Indeed let $q$ be an isotropic quadratic form over $\mathbb{F}_p$ for $p>2$. for any non-zero anisotropic vector (i.e $q(v)\neq 0$) consider the symmetries $$ \sigma_v(x):=x-\frac{x.v}{v.v}v, $$
then one can show that $O(q)$, the orthogonal group of the quadratic form, is generated by the symmetries.
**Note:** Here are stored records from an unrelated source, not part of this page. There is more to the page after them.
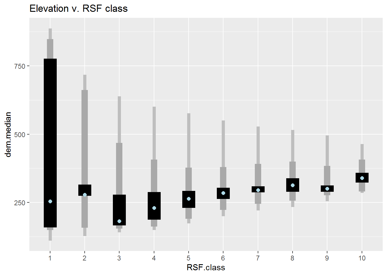geom_point(col = "lightblue", cex = 2) + ggtitle("Elevation v. RSF class")
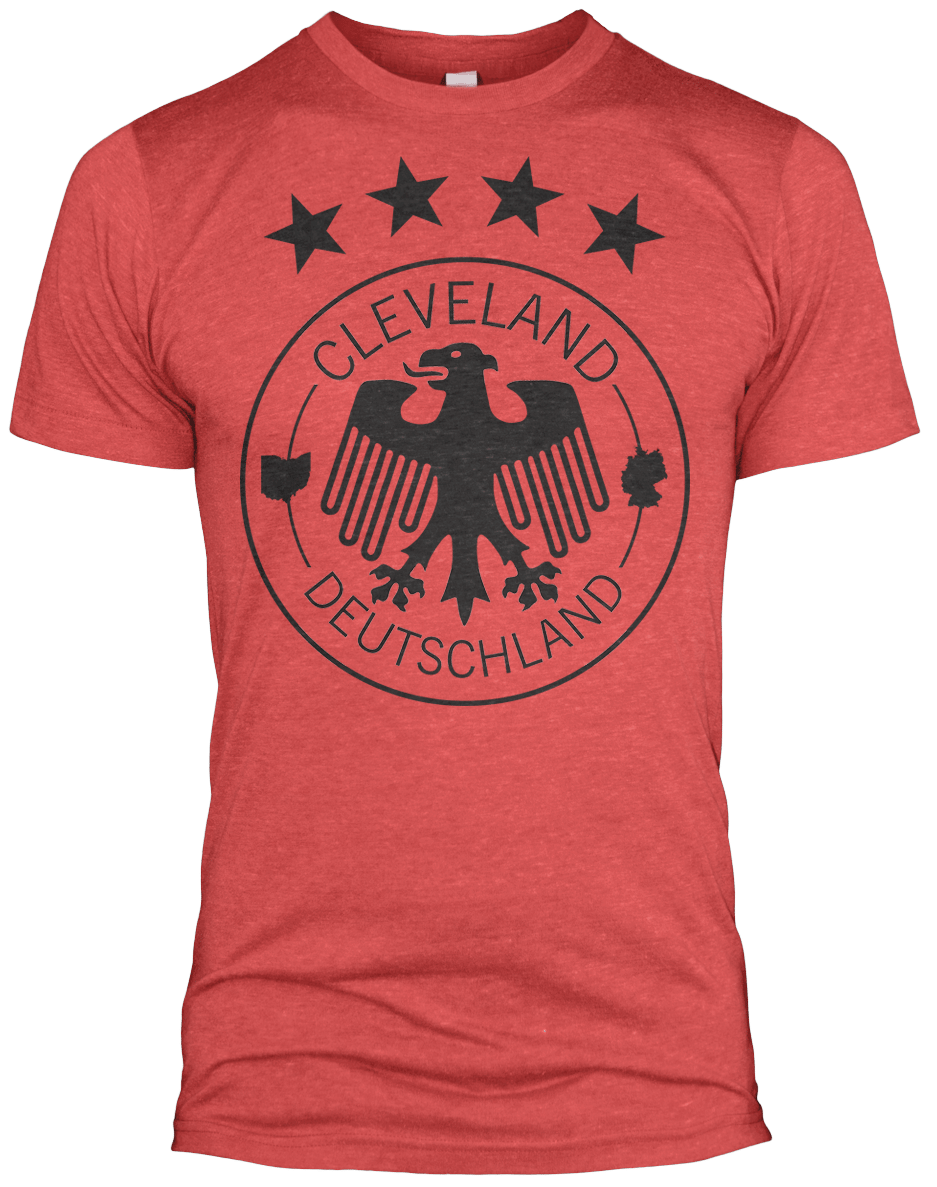 Your 4 star Cleveland German shirt is here! The Deutscher Fussball-Bund has won a fourth World Cup and I Love CLE has commemorated it Cleveland style. There is a rich German connection in Cleveland and this is the shirt to bring it all together. Simple, clean and strong this logo is silk screened in black on the finest tri-blend red shirt. Purchase while they are here! Printed in Cleveland proper as always.
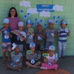 Finalizamos com a confecção de um brinquedo feito com garrafas pets, mostrando a importância de reciclar.
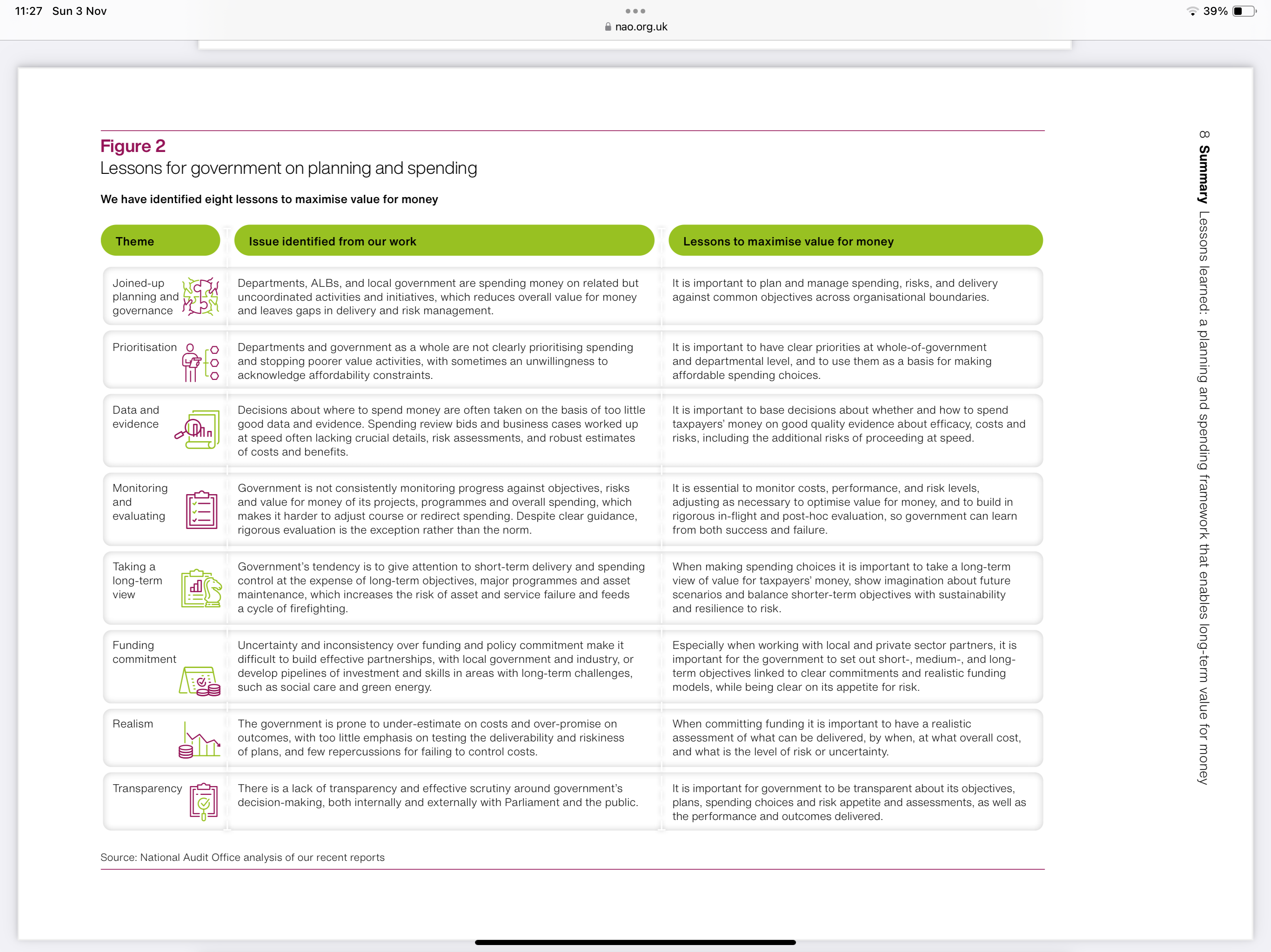 This is a big problem. Likewise, the NAO document’s near-total absence of references to the importance of organisational culture. Its concluding remarks do at least note that “changing the incentives and behaviours embedded across central government will take leadership, functional expertise and collegiate behaviour at all levels, official and political, over a whole Parliament and beyond”, and that is fine on paper. But it isn’t a ‘how’: it isn’t anything actionable.
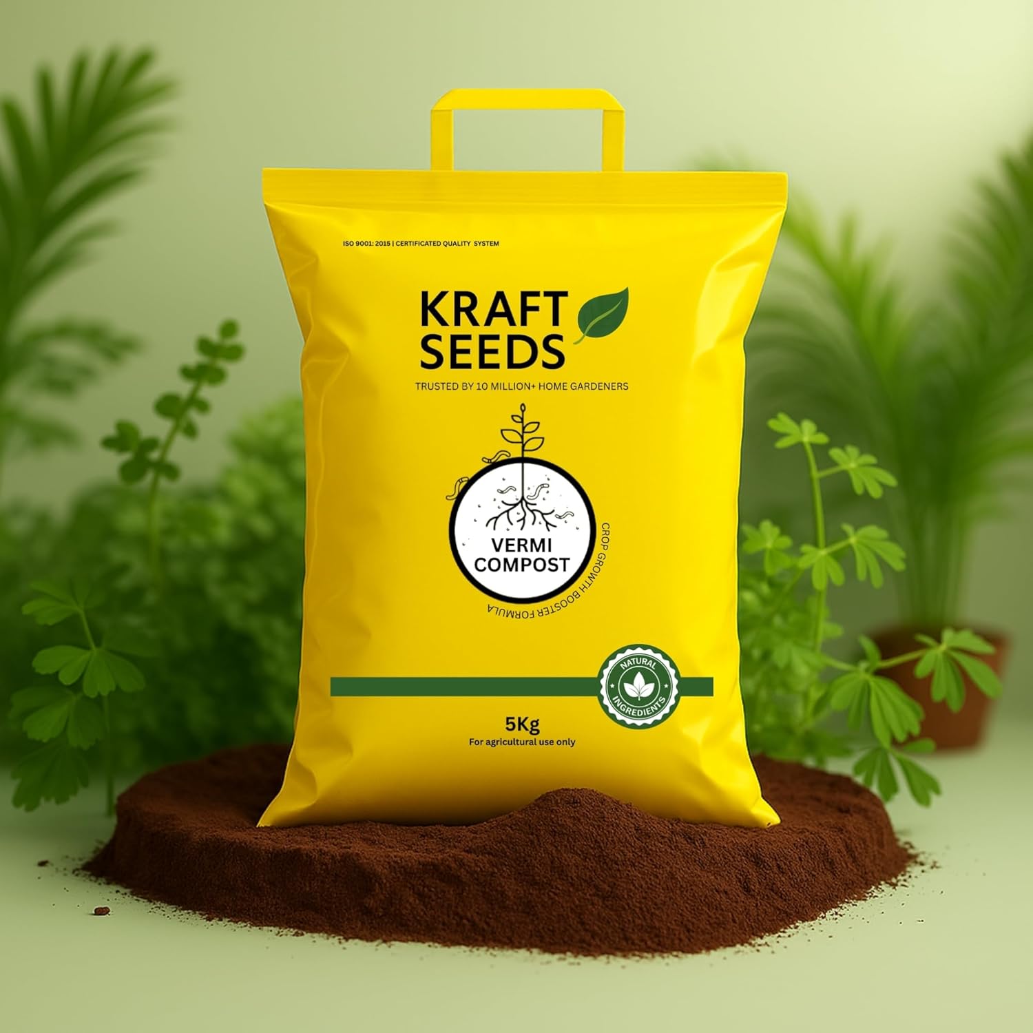 Kraft Seeds Vermicompost – 5kg | Organic Manure for Plants | Fertilizer for Home Gardening | Enriched Potting Soil Mix for Plants | Compost Garden Soil | Natural Booster for Flowering Plant
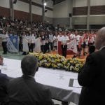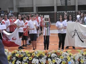 Na noite da última segunda-feira, 20 de maio, foi realizada a cerimônia de abertura dos Jogos das Escolas Católicas de Juiz de Fora, evento organizado pela Pastoral da Educação Católica com o apoio da Arquidiocese. A solenidade contou com a presença do arcebispo metropolitano, Dom Gil Antônio Moreira, do prefeito de Juiz de Fora, Antônio Almas, e diretores das escolas envolvidas na competição: Academia, Carmo, Jesuítas, Santa Catarina, Santos Anjos e Stella Matutina. Pais e alunos também prestigiaram a cerimônia, que aconteceu na quadra poliesportiva do Colégio Santa Catarina.

Therefore for any $\sigma\in O(q)$ we have $$ \sigma=\sigma_{v_1}\cdots\sigma_{v_n}. $$ $v_i$'s are not uniquely determined, but the following map is independent of choosing of $v_i$'s. $$ \theta(\sigma):=q(v_1)\cdots q(v_n)(\mathbb{F}_p^*)^2. $$ Hence we have a group homomorphism known as "Spinor Norm" defined by \begin{equation} \begin{split} \theta: SO(q) & \to \mathbb{F}_p^*/(\mathbb{F}_p^*)^2\\\\ \sigma &\to q(v_1)\cdots q(v_n)(\mathbb{F}_p^*)^2 \end{split} \end{equation} Notice that, since $q$ is an isotropic then $q$ takes any value in $\mathbb{F}_p$, so the Spinor norm is surjective, and hence $SO(q)$ is not perfect.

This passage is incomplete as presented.